The Drive logoThe Drive 8/8/2018 Chris Tsui
a close up of a computer© John Keeble—Getty Images

According to a Nikkei report, Mazda and Suzuki are the latest Japanese automakers to come forward with evidence of tomfoolery in the arena of emissions and fuel economy testing. 


The Japanese publication said the cheating was found "on samples of manufactured vehicles selected during the quality assurance process." While Wednesday's report is light on specifics, Nikkei said the country's Ministry of Land, Infrastructure and Transport will release full details about the latest scandal on Thursday.

Both companies voluntarily turned in reports containing indiscretions to Japan's transport ministry. This came after it mandated all Japanese manufacturers to review internal compliance protocol after Subaru and Nissan were found to have engaged in similar antics.

Subaru has subsequently stated that none of its affected cars were ever shipped to the U.S. Meanwhile, it's unclear whether the Mazdas in question were sold outside of Japan. We've reached out to the company to find out and will update this story when we hear back. Suzuki, as you probably know, hasn't sold a car in the States since 2012 but continues to do so in its home country.

The report went on to allege motorcycle maker Yamaha as a suspected emissions-reg-cheater.

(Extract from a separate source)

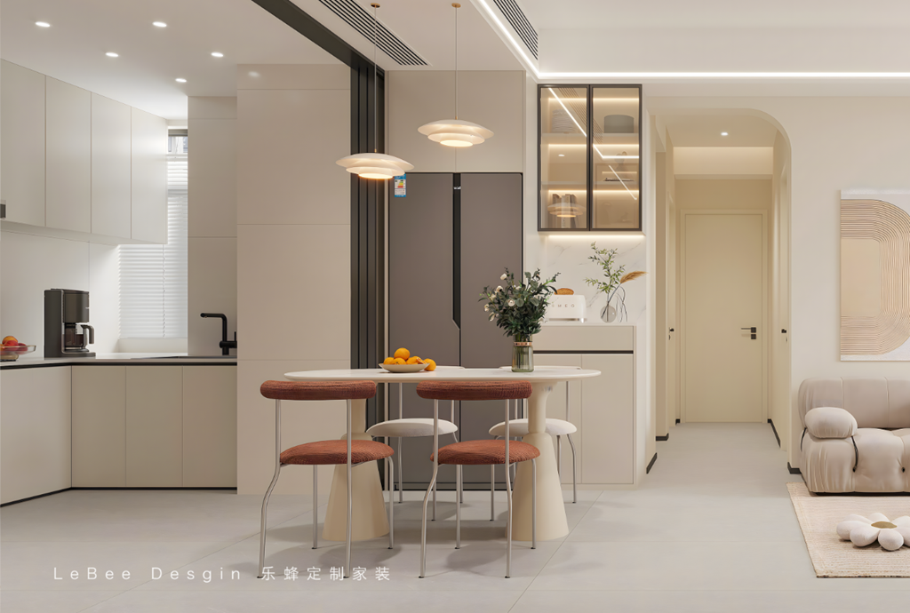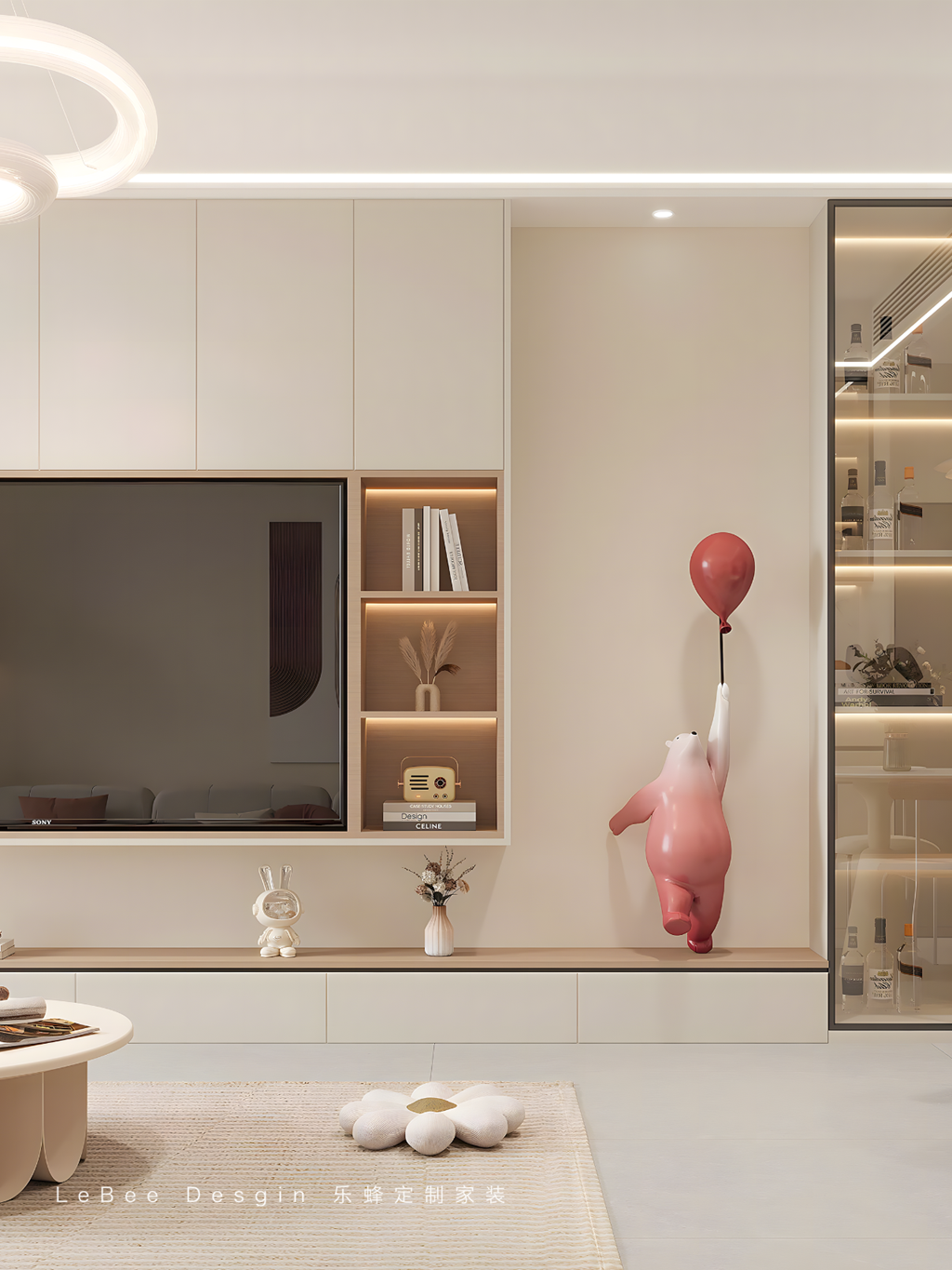 在深圳羅湖的翠園華府,有一處被奶油風裝修包裹的溫馨之所,屬于一對 90 后的年輕夫妻。他們身旁伴著一個俏皮可愛的小女孩,女主人鐘情于奶油風,追求簡潔之美,于是簡約奶油風成為了他們的不二之選。 同時也考慮到男主人對動漫小擺件和手辦的喜愛,專門定制了一整排的展示柜,滿滿都是關懷與愛意。

Mazda and Suzuki are only the latest in a large, growing list of automakers guilty of surreptitiously skirting efficiency regulations. The auto industry had its watershed moment back in 2015 when Volkswagen was caught employing a defeat device on its TDI diesel engines. That whole saga continues to rage on as Audi CEO Rupert Stadler was arrested just two months ago as part of the investigation.